(ABOUT THIS TASK)
Aim for an exact copy of the listing, without any images.

(INFORMATION SHOWN)

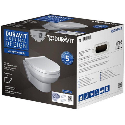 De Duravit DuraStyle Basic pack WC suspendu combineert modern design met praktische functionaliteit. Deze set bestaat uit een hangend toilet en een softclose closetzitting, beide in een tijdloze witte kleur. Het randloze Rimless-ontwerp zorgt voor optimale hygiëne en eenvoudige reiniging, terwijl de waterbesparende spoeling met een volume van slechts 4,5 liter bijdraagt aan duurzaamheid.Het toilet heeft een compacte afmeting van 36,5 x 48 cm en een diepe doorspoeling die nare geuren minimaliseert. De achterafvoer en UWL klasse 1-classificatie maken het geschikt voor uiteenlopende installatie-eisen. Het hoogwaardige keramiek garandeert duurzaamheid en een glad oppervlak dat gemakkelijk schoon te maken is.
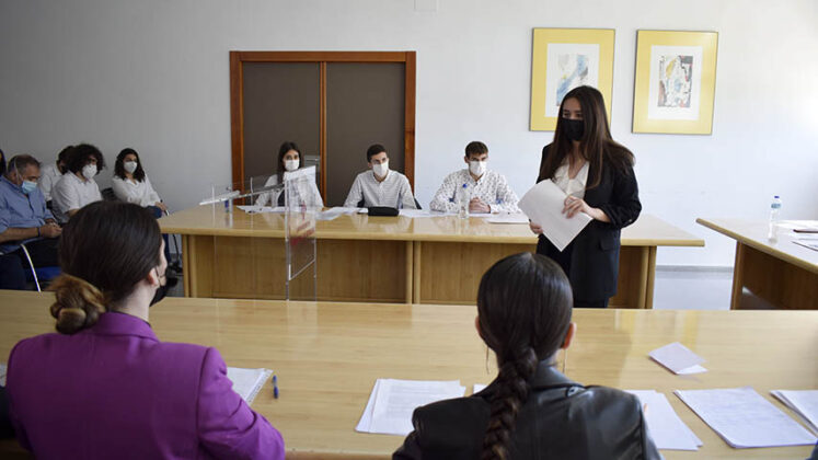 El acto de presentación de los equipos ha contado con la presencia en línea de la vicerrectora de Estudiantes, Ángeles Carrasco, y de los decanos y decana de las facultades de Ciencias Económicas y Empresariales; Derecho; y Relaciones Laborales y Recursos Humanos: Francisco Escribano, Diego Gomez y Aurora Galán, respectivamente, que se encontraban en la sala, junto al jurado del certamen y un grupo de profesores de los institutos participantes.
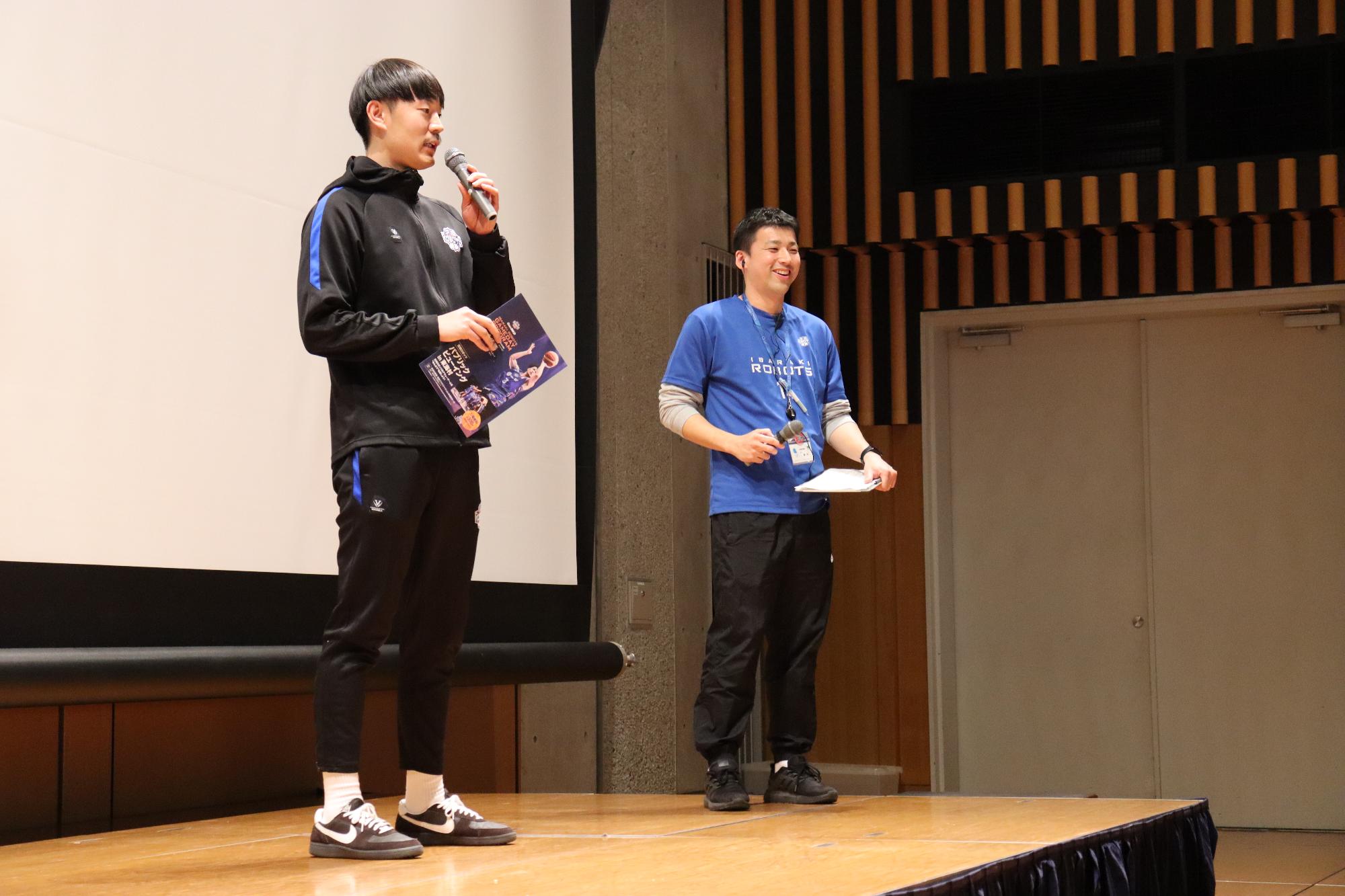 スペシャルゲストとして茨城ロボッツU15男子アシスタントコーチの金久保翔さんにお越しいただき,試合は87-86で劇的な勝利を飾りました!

(THE ANSWER)
 De Duravit DuraStyle Basic pack WC suspendu combineert modern design met praktische functionaliteit. Deze set bestaat uit een hangend toilet en een softclose closetzitting, beide in een tijdloze witte kleur. Het randloze Rimless-ontwerp zorgt voor optimale hygiëne en eenvoudige reiniging, terwijl de waterbesparende spoeling met een volume van slechts 4,5 liter bijdraagt aan duurzaamheid.Het toilet heeft een compacte afmeting van 36,5 x 48 cm en een diepe doorspoeling die nare geuren minimaliseert. De achterafvoer en UWL klasse 1-classificatie maken het geschikt voor uiteenlopende installatie-eisen. Het hoogwaardige keramiek garandeert duurzaamheid en een glad oppervlak dat gemakkelijk schoon te maken is.
 El acto de presentación de los equipos ha contado con la presencia en línea de la vicerrectora de Estudiantes, Ángeles Carrasco, y de los decanos y decana de las facultades de Ciencias Económicas y Empresariales; Derecho; y Relaciones Laborales y Recursos Humanos: Francisco Escribano, Diego Gomez y Aurora Galán, respectivamente, que se encontraban en la sala, junto al jurado del certamen y un grupo de profesores de los institutos participantes.
 スペシャルゲストとして茨城ロボッツU15男子アシスタントコーチの金久保翔さんにお越しいただき,試合は87-86で劇的な勝利を飾りました!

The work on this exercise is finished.